Ultrasound mapping of regional lymph nodes prior to surgery is particularly useful, and suspicious nodes can be marked on the skin preoperatively, which is helpful to the surgeon in planning extent of surgery, and whether contralateral level II through V node dissection will be necessary. In a study of 195 patients with MTC, it was found that as the number of central node metastases increased, the frequency of ipsilateral and contralateral lateral compartment lymph node metastases also increased in direct relation. When 10 or more central compartment lymph nodes were involved, nearly all patients had ipsilateral node involvement, and 77% had contralateral metastases, which supports undertaking bilateral lateral compartment dissection during thyroidectomy when numerous central node metastases are identified. ⁵⁰ Discontinuous lymphatic spread (“skip metastases”) have also been described in the literature and underscores the importance of a thorough preoperative evaluation to determine lymph node involvement sites. ^{10 , 51}

Preoperative basal serum calcitonin levels are also useful in estimating the extent of possible nodal involvement and need for dissection. A report of 300 patients with MTC treated by compartment-oriented surgery identified different thresholds at which lymph node metastases were found in different compartments; none of the patients with calcitonin levels < 20 pg/mL had evidence of lymph node involvement, which contrasted sharply with patients with calcitonin levels > 10,000 pg/mL, who demonstrated > 80% with lymph node involvement in the neck, > 50% in the upper mediastinum, and > 70% prevalence of distant metastases. ⁵² This can assist decision making in operative planning for the index procedure, and, in patients with elevated basal calcitonin levels > 200 pg/mL, contralateral lateral neck dissection is recommended as well.

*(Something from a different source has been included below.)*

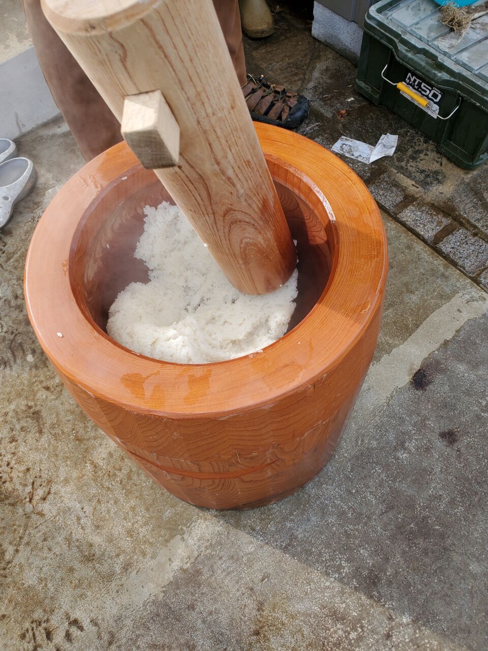 蒸しあがったほかほかのお米を臼にいれて杵でつきます。

Careful management of the parathyroids is critical to preserve function during total thyroidectomy and neck dissection. The extent of surgical manipulation has been controversial because the adequacy of central compartment dissection is arguably compromised by leaving the parathyroids in place with sufficient blood supply. The previous approach at the authors’ institution included routine four-gland parathyroidectomy with autotransplantation during central neck dissection; however, our current practice entails resection and autotransplantation of one or two parathyroids on the side of the primary tumor and the contralateral lower parathyroid, if it is not able to be preserved on a viable vascular pedicle. The contralateral upper parathyroid is left in place on its native vascular supply. Preservation of parathyroid function can then be accomplished by transplanting minced 1 mm fragments of the removed parathyroid tissue into individual muscle pockets created in the sternocleidomastoid muscle or a forearm muscle. ^{1 , 53} Due to the risk of subsequent graft-dependent hyperparathyroidism, a nondominant forearm muscle may be used for MEN 2A patients, whereas the sternocleidomastoid is usually used for patients with sporadic disease, MEN 2B, or FMTC. All parathyroid tissue should be left in the patient if possible, and transplantation of whole glands is not advised. If a patient has already developed primary hyperparathyroidism before thyroidectomy, appropriate parathyroidectomy should be performed. Surgical options include intraoperative parathyroid hormone monitoring with removal of only visibly enlarged glands, subtotal parathyroidectomy leaving one gland or a piece of one gland in situ, or total parathyroidectomy with forearm autotransplantation.